Del Grande: «L’immigrazione ci salverà dall’inverno demografico»

Accadrà nel 2050: «I 280 milioni di emigranti che attualmente vivono in un Paese diverso dal proprio diventeranno 430 milioni». Al posto dei centri di prima accoglienza sorgeranno «musei nazionali dell’immigrazione». I nuovi cittadini verranno a visitarli, «per rendere omaggio ai propri avi» scampati ai «barconi della morte».
È la profezia che apre il libro di Gabriele Del Grande «Il secolo mobile» (Mondadori, 636 pp. 25 euro), un ampio e documentato resoconto in cui è ripercorsa la «storia dell’immigrazione illegale in Europa» dall’inizio del ’900 ad oggi (e domani). Quel libro, uscito lo scorso anno, è ora diventato un monologo che Del Grande – scrittore e giornalista, fondatore nel 2006 di Fortress Europe, il primo osservatorio sulle vittime della frontiera – porterà a Brescia sabato prossimo, 16 novembre, alle 20.30 nell’auditorium San Barnaba (ingresso libero), ospite del Festival della Pace su invito del Gruppo di iniziativa territoriale di socie e soci di Banca Etica. In attesa di vederlo in città, abbiamo intervistato l’autore.
Del Grande, come ha condensato la sua ricerca in una performance?
Ho selezionato i passaggi chiave del testo, mantenendo prospettiva europea e sguardo sul futuro. Poi ho setacciato gli archivi fotografici del Novecento e ho montato il tutto con l’aggiunta di qualche infografica.
Da dove arrivavano in Europa gli immigrati, prima che l’attenzione si concentrasse sugli sbarchi?
Arrivavano dagli stessi posti – Africa, Asia e Caraibi – ma viaggiavano liberamente. Francia, Regno Unito e Germania dell’Ovest esentavano dal visto i lavoratori in arrivo da ex-colonie e Turchia, per incoraggiare l’arrivo di manodopera con cui pompare il miracolo economico del dopoguerra. L’Europa aveva perso milioni di uomini in guerra, gli immigrati del suo Sud – italiani compresi – non bastavano e dall’Est non se ne potevano fare arrivare perché c’era la guerra fredda.
Quando le cose cambiarono?
In seguito alla caduta del muro di Berlino, con il nuovo regime dei visti di Schengen che finì per privilegiare l’immigrazione dall’Europa orientale a scapito delle indesiderate diaspore afro-asiatiche. Gli sbarchi cominciarono proprio allora. Quando i viaggi dei poveri, vietati per legge, iniziarono a essere rivenduti sulle rotte del contrabbando nel Mediterraneo.
Lei ricorda che fino agli anni Novanta, in Italia, l’immigrazione non era vista come una minaccia.

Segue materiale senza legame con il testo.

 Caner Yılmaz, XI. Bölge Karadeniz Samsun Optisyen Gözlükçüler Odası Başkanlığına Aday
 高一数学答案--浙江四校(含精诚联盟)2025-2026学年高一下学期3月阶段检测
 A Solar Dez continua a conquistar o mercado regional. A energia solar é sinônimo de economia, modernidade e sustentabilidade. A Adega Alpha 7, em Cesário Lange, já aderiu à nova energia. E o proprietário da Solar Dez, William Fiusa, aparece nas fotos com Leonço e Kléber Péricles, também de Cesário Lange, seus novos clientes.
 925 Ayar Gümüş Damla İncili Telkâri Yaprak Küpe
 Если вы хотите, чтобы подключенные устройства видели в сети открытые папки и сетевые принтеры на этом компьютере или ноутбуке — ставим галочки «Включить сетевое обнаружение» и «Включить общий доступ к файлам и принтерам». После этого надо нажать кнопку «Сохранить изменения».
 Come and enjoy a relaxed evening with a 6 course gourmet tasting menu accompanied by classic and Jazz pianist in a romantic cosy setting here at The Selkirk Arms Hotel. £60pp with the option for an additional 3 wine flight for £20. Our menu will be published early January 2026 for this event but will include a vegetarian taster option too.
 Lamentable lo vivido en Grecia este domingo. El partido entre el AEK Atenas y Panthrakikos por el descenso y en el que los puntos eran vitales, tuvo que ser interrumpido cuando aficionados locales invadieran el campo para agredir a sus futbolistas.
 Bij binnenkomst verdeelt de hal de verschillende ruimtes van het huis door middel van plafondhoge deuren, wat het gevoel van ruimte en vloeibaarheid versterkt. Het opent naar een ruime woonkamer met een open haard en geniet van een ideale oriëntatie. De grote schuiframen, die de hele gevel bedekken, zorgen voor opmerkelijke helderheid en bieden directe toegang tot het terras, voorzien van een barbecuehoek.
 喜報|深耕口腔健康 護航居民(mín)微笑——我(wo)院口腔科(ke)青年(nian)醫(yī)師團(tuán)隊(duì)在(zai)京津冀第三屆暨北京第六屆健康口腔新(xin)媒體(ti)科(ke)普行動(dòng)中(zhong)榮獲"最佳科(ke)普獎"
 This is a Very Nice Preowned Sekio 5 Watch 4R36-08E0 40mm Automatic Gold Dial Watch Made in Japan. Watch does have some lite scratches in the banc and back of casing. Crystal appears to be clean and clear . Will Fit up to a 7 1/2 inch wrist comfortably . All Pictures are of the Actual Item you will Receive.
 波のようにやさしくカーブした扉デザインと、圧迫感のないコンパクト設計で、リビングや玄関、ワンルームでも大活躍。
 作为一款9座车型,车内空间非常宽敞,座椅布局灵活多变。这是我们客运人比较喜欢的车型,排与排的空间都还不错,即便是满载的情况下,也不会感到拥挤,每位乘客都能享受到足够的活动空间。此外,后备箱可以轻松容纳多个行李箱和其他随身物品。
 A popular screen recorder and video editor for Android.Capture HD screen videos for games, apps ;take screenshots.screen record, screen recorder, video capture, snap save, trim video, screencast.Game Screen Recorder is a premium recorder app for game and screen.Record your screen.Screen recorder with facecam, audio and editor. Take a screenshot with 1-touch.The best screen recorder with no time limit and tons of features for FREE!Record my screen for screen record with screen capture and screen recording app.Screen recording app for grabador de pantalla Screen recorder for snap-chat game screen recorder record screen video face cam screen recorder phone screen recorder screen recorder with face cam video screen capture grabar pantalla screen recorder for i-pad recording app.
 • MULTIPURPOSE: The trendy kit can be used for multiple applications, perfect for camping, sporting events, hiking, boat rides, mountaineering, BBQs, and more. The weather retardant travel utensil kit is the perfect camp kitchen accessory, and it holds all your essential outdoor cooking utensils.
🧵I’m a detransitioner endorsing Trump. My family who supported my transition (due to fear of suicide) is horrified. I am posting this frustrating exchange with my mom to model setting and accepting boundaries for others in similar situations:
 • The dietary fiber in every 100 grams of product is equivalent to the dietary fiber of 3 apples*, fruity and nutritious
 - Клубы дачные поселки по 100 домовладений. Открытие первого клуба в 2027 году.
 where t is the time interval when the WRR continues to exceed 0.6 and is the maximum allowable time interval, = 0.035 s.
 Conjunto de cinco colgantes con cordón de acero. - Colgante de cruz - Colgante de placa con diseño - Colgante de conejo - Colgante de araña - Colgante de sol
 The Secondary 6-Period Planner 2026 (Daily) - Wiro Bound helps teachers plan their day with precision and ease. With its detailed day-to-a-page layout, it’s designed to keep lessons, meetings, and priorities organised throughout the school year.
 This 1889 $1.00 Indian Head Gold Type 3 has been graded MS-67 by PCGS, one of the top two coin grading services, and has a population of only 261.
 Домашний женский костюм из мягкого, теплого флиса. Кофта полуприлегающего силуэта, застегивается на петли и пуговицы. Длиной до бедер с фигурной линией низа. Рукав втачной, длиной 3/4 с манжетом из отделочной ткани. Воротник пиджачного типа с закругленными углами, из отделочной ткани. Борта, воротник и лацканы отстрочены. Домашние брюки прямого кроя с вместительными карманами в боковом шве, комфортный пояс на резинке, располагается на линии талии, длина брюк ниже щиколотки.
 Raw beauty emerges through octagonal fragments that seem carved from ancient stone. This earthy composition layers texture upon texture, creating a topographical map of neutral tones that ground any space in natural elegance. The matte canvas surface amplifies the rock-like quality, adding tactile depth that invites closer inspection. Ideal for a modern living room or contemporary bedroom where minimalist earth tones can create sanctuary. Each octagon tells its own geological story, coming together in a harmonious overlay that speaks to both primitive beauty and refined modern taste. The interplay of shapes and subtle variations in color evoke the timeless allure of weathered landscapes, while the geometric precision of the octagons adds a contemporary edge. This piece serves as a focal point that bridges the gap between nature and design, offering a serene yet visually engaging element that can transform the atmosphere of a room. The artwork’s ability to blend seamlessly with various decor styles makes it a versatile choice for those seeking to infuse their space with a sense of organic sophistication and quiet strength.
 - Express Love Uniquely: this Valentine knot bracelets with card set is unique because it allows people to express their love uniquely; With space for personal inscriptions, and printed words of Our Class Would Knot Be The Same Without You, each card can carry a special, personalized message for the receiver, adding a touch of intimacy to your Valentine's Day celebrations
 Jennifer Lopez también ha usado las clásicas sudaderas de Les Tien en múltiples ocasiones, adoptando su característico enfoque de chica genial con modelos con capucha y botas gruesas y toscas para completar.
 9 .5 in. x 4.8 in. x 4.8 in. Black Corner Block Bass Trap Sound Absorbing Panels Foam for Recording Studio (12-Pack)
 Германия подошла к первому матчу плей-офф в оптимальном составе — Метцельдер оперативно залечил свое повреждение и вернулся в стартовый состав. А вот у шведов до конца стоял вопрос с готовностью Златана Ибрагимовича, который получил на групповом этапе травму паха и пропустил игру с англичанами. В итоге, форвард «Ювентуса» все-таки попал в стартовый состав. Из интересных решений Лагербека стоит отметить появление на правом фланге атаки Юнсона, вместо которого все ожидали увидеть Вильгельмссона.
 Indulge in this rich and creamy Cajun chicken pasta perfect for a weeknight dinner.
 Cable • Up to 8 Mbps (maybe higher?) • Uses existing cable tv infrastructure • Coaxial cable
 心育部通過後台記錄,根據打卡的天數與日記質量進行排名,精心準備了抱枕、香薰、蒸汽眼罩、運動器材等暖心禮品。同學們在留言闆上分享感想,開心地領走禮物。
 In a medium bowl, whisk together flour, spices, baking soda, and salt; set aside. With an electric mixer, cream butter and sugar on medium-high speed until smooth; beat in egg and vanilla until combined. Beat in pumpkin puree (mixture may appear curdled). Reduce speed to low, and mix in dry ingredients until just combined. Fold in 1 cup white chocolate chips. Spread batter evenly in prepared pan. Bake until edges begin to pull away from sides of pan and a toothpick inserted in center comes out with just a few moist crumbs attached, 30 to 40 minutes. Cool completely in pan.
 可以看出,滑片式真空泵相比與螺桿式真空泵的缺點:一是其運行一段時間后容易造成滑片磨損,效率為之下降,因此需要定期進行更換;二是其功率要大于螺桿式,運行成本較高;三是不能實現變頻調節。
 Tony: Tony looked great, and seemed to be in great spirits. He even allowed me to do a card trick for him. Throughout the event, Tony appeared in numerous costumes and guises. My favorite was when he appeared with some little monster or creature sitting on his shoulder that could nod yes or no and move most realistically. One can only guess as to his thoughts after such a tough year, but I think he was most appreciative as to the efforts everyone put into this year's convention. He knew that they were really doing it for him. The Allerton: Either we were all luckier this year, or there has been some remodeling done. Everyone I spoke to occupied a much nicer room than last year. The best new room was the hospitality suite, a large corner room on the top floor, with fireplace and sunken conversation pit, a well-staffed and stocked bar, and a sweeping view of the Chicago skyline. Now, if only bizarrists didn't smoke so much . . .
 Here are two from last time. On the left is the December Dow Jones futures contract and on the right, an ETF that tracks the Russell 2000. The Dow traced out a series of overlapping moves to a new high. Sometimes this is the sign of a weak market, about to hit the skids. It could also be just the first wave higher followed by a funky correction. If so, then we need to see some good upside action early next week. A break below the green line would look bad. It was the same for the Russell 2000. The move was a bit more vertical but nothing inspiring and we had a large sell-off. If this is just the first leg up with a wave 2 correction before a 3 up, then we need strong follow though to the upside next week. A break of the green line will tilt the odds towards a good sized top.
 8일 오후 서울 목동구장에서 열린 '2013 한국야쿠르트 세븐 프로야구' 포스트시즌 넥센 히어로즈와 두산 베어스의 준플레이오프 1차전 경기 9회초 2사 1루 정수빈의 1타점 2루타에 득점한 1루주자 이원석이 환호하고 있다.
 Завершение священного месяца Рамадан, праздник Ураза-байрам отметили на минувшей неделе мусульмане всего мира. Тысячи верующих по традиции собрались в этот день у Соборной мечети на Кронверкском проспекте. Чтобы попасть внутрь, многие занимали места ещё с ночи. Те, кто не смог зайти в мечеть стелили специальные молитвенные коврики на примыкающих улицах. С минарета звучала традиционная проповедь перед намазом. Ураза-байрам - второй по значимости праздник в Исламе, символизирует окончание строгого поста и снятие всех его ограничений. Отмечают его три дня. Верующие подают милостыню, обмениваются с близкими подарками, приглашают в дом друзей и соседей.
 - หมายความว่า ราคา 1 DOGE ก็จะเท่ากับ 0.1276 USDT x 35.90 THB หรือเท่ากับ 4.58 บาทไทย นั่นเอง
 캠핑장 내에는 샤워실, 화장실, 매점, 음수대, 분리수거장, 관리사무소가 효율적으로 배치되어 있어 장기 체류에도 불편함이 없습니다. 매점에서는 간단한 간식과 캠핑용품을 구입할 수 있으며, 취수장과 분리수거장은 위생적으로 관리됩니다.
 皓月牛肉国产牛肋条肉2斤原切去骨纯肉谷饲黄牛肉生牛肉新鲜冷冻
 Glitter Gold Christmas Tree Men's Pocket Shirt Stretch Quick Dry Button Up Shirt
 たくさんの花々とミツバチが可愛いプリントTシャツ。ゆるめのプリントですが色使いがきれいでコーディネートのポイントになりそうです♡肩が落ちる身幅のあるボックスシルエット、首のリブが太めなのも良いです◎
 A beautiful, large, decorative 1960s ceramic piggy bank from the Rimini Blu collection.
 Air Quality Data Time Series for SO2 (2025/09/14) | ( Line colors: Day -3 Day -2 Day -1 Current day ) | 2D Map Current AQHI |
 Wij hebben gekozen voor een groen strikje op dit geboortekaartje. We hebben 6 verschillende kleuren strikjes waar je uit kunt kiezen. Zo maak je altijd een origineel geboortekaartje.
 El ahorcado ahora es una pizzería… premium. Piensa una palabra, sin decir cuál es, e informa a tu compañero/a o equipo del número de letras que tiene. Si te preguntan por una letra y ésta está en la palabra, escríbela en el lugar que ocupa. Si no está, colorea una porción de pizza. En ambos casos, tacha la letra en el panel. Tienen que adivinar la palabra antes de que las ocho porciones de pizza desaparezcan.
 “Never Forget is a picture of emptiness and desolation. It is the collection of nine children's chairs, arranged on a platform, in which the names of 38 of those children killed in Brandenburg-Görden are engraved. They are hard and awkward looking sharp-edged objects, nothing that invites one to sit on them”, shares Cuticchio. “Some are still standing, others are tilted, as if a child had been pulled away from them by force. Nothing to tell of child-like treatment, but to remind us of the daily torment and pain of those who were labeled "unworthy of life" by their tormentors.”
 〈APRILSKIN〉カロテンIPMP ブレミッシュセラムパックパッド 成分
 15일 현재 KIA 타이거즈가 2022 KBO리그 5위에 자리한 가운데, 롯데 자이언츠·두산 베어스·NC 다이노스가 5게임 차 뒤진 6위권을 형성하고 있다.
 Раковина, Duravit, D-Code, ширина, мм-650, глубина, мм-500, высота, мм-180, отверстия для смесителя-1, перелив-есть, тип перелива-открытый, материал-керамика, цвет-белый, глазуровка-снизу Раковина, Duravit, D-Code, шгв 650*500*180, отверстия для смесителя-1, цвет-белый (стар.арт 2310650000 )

La percezione dell’immigrazione non bianca ha iniziato a cambiare negli anni Duemila, man mano che le presenze aumentavano e che la politica, come nel resto d’Europa, iniziava a inseguire il consenso facendo leva sulle paure della sostituzione etnica e sui fantasmi irrisolti del razzismo scientifico.
Ricostruisce, tra l’altro, i complessi rapporti tra Italia e Libia sull’immigrazione…
I primi accordi con Tripoli risalgono al 2004. Vent’anni e svariati miliardi dopo, le mafie del contrabbando continuano e continueranno a operare finché ci saranno viaggiatori in cerca di un passaggio senza visto per l’Unione europea. Che sia dalla Libia o da altri porti franchi. Il problema è a monte e sta nell’assenza di canali d’ingresso legali.
Ci sono state misure che hanno effettivamente saputo frenare o regolare l’immigrazione?
In generale i governi che incoraggiano la mobilità di est-europei e latino-americani sono gli stessi che mantengono visti e controlli anti-immigrazione con l’Africa e con l’Asia, spingendo sempre più emigranti a imbarcarsi con le mafie. Se questo è il quadro, la trovata attuale dei centri in Albania farebbe ridere se non fosse per il miliardo di fondi pubblici sprecati.
Lei propone di «abolire il divieto di viaggio dei poveri». Non aggraverebbe i problemi?
Dal 1991 gli sbarchi hanno contribuito appena al 10% degli ingressi nell’UE. Persino in uno scenario a sbarchi zero, da qui al 2050 solo dall’Africa arriveranno in aereo in Europa 15 milioni di persone. E per fortuna, perché ci salveranno dall’inverno demografico. Di fronte a questi numeri perché non dovremmo legalizzare le migrazioni? Perché ne arriverebbero troppi, anticipo l’obiezione. Ne siete così sicuri? Io dopo vent’anni sul campo, numeri alla mano, sono pronto a farvi ricredere.